Sid translation of FSP's from group memberships

My apologies if this is a bit convoluted for my first post here but I’m at my wits end on this. I have a script which audits certain groups within a trusted domain for membership changes, adds, removes and the dates associated. For some group members who are cross domains I’m obviously getting the sid in place of the account name. I’m needing a way to translate these sids and keep the formatting provided in the script as this is for non-technical auditing types. My code is below and followed by this is the report formatting:

 

 

Support Services

S-1-5-21-1565465683-344022488-928725530-11781,03/05/2018 17:44:55 - needs translation

User Numberone ,11/03/2017 09:12:44

Enterprise Admins

$AZSYNC,11/30/2017 12:39:35

 

Operations-Admins

S-1-5-21-1565465683-344022488-928725530-339742,06/11/2018 16:47:29 - needs translation

S-1-5-21-1565465683-344022488-928725530-402282,06/01/2018 15:27:08 - " "

S-1-5-21-1565465683-344022488-928725530-84525,04/23/2018 10:17:04 - " "

$admin,03/23/2018 14:41:51

S-1-5-21-1565465683-344022488-928725530-347271,01/08/2018 13:32:46

S-1-5-21-1565465683-344022488-928725530-353447,01/05/2018 10:01:07

 

Not exactly sure what you’re after but have you tried and do e.g.

get-aduser -filter "SID -eq 'S-1-5-21-1565465683-344022488-928725530-353447'" -server 'dc in other domain'

If that works for you then it should be simple to add an IF statement if you have a SID for the account name and then make a seperate call to the other domain.

But again not sure if that is what you’re looking for.

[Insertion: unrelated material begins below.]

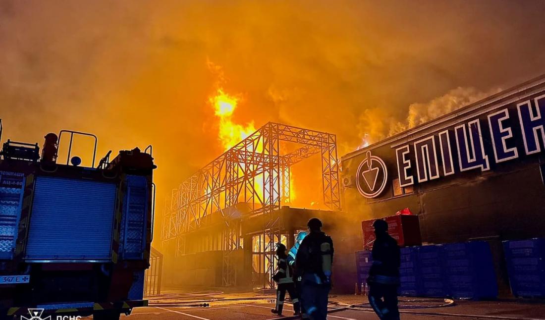 Після перших влучань в торговому центрі спрацювала система пожежогасіння, проте її потужностей не вистачило через високу щільність обстрілу. Відчайдушних зусиль для боротьби з вогнем докладали і співробітники ДСНС, але вони були змушені припиняти роботу через ризик повторних ударів. В результаті торговий центр загальною площею 16 600 кв. м згорів.

This does seem to work, but I’m curious as to how the if statement would format the output. Its going to auditors so this needs to remain in the same format/place. I could probably make my life easier by just ouputting the group memberships after the initial report but I’d like to work through this first. Seems not many have come across this issue or have no need for it :confused:

Well I would refactor lines 21-24 to something like this:

foreach ($member in (Get-ADGroup -server $domain -Filter {Name -eq $group} -Properties Members).Members)
{
    $memberData = Get-ADObject $member -Properties whenCreated
    $name = ""

    if($memberData.Name -like "S-1-5-*")
    {
        $name = (Get-ADuser -filter "SID -eq '$memberData.Name'" -Server 'dc in other domain').Name
    }
    else
    {
        $name = $memberData.Name
    }

    "`t`t$($name),$($memberData.whenCreated)" | Out-File -FilePath $outputfile -Append
}

So first $memberData collects the necessary information in one call instead of two seperate calls.
Next the if-statement evaluates the name value, if it looks like a SID then check against the other domain.
If it doesn’t look like a SID, just grab the name as in your current code.
Last step, create the string you want using the $name variable and the whencreated from the $memberData variable.

So I hate that I wasted your time. It turns out I can accomplish this by querying the principal name instead of just name. So for instance:

 

"`t`t$((Get-ADObject $member).Name),$((Get-ADObject $member -Properties whenCreated).whenCreated)" | Out-File -FilePath $outputfile -Append

vs

"`t`t$((Get-ADObject $member -Properties "msDS-PrincipalName")."msDS-PrincipalName")),$((Get-ADObject $me

No problem, whatever works :slight_smile:

But you should probably look at the number of times you query the DC’s.
At least if there is a lot of users you look up.

Haven’t thought about this in the past but the domain its querying isnt large at all. I really appreciate your help however.